I think they would certainly disagree that they have broken any oaths. There are different schools of thought on exactly what the 2nd amendment means. If they are applying it as they think it means then they aren't breaking any oaths. It just so happens that their interpretation is wrong in my opinion, but that doesn't make them oath breakers.
Sure. They ALL "support the Second Amendment, but...". See this example from a Washington state legislator just last week when stating his support for a bumpstock ban bill: "Democratic Sen. Kevin Van de Wege, the sponsor of the bump stock bill, noted that he’s
a lifetime member of the NRA and a defender of the 2nd Amendment [Of course he is!!],
but said
“this is something that shouldn’t be allowed.” [Of course it shouldn't!!]
From the
Heller SCOTUS decision (written by Scalia):
At the time of the founding, as now, to “bear” meant to “carry.”... When used with “arms,” however, the term has a meaning that refers to
carrying for a particular purpose—confrontation. In Muscarello v. United States, 524 U. S. 125 (1998) , in the course of analyzing the meaning of “carries a firearm” in a federal criminal statute,
Justice Ginsburg wrote that “(s)urely a most familiar meaning is, as the Constitution’s Second Amendment … indicate(s): ‘wear, bear, or carry … upon the person or in the clothing or in a pocket, for the purpose … of being armed and ready for offensive or defensive action in a case of conflict with another person.’ ” Id., at 143 (dissenting opinion) (quoting Black’s Law Dictionary 214 (6th ed. 1998)).
From the Hawaii state constitution:
Article I
RIGHT TO
BEAR ARMS
Section 17. A well regulated militia being necessary to the security of a free state, the right of the people to keep and
bear arms shall not be infringed. [Ren Const Con 1978 and election Nov 7, 1978]

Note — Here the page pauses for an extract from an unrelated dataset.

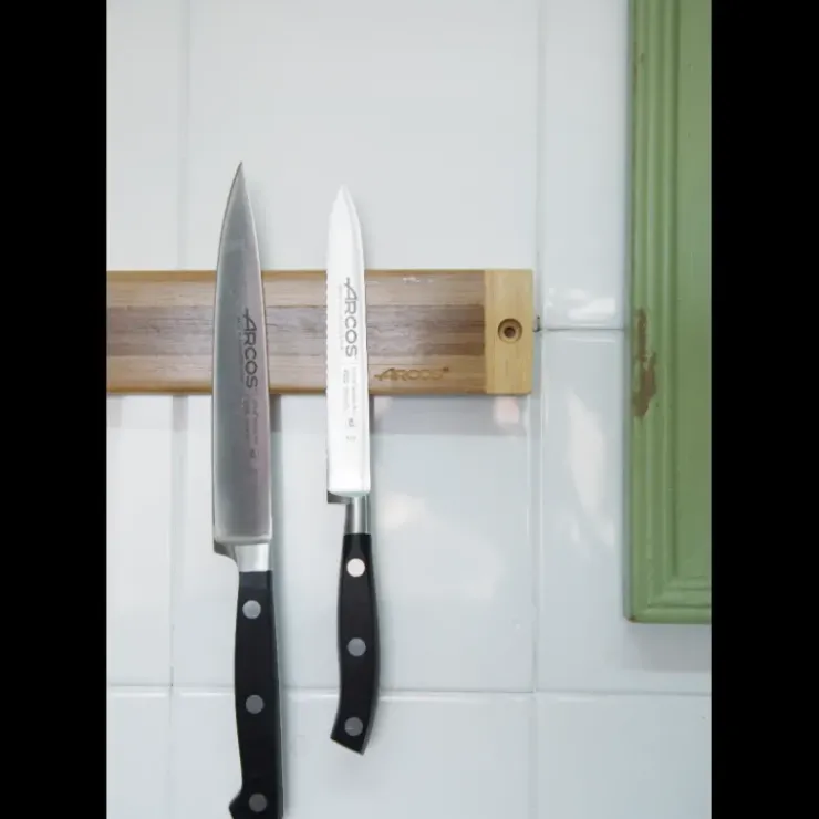 Grâce à sa barre aimantée, Arcos vous propose de ranger vos couteaux de cuisine simplement en les rapprochant du support. Il est à noter que ce système n’est utilisable que pour les couteaux à lame inox et non pour les couteaux céramiques. Les couteaux à lames en acier inoxydable sont fixés à la barre aimantée et il vous suffit d’en empoigner un pour le récupérer. Vos couteaux peuvent donc être organisés par taille ou par catégorie et être à portée de main ! Cela permet un gain de temps considérable tout en étant sécurisé puisque vous ne risquez plus de vous couper en les cherchant dans un tiroir.

From the United States Constitution:
Amendments to the Constitution
Bill of Rights
Amendment II
A well regulated Militia, being necessary to the security of a free State, the right of the people to keep and
bear Arms, shall not be infringed.
Thus, by both the Hawaii state
and Federal constitutions, which all Hawaii legislators and elected officials (governor, etc.), and some unelected/appointed officials (police chiefs, AG, etc.) have sworn an oath to uphold and defend both constitutions, neither the federal nor state (via
McDonald extending
Heller's protections against the states' infringement) governments may infringe on the pre-existing right to self-defense via ‘wear[ing], bear[ing], or carry[ing] … upon the person or in the clothing or in a pocket, for the purpose … of being armed and ready for offensive or defensive action in a case of conflict with another person’, independent of location (inside or outside the home).

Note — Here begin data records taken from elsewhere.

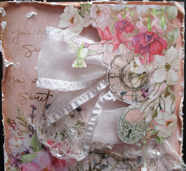 For this card we are doing something a little different. the larger clock you see at the bottom has been cut around the outer edge with a craft knife and distressed cheese cloth is stuffed just inside and adhered down. You might be able to see it better in the close up, next.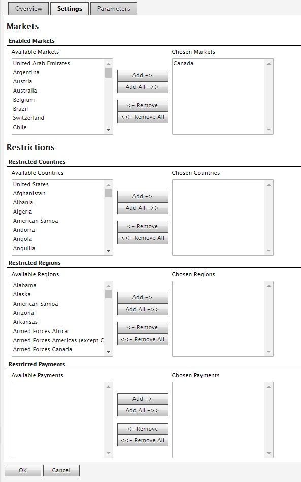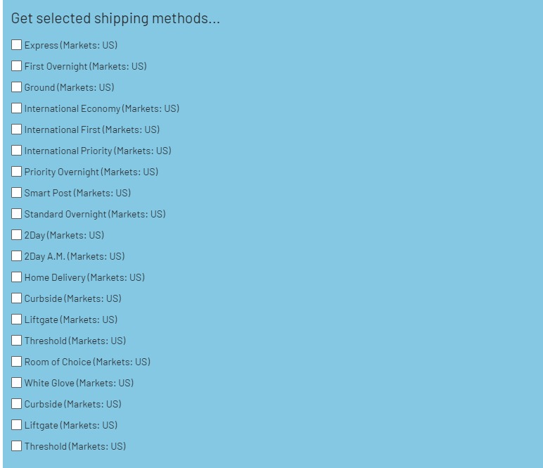 In English this shipping method is assigned to the U.S. market, and in English (Canada) it is assigned to the Canada market. When I create/edit a shipping discount such as Buy Products for Free Shipping. I only see an option for Express (Markets: US). I expect to see a completely separate shipping method (since they have different IDs due to existing under different translations) with the display value Express (Markets: CA).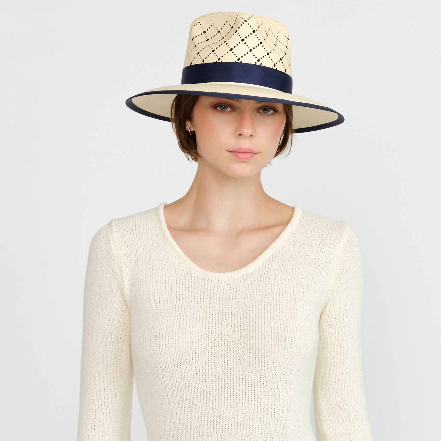 Introducing the Women's Marigold Hat by Freya, a sophisticated accessory in natural and navy. This hat features an intricately woven crown with a diamond-shaped vented pattern, complemented by a solid weave brim. A navy grosgrain ribbon trim adds a touch of elegance around the base and edge. Available in sizes Small/Medium (55-57cm) and Medium/Large (58-59cm).

Since almost none of the Hawaii legislators have taken measures to oppose the existing Hawaii statutory scheme which de facto denies every single citizen of the state the right to lawfully ‘wear, bear, or carry … upon the person or in the clothing or in a pocket, for the purpose … of being armed and ready for offensive or defensive action in a case of conflict with another person', nor have they taken measures to overturn said de facto ban by introducing and supporting legislation to allow for the uninfringed exercise of said right, nor have they advocated for nor passed any resolutions to impeach the governor and AG nor demand that they remedy the situation, nor have they asked or demanded that county police chiefs change their de facto no issue policies, nor will they even answer the question "What does your sworn oath to uphold the right to ‘wear, bear, or carry … upon the person or in the clothing or in a pocket, for the purpose … of being armed and ready for offensive or defensive action in a case of conflict with another person' mean, anyway?, I thus hold them as oathbreakers.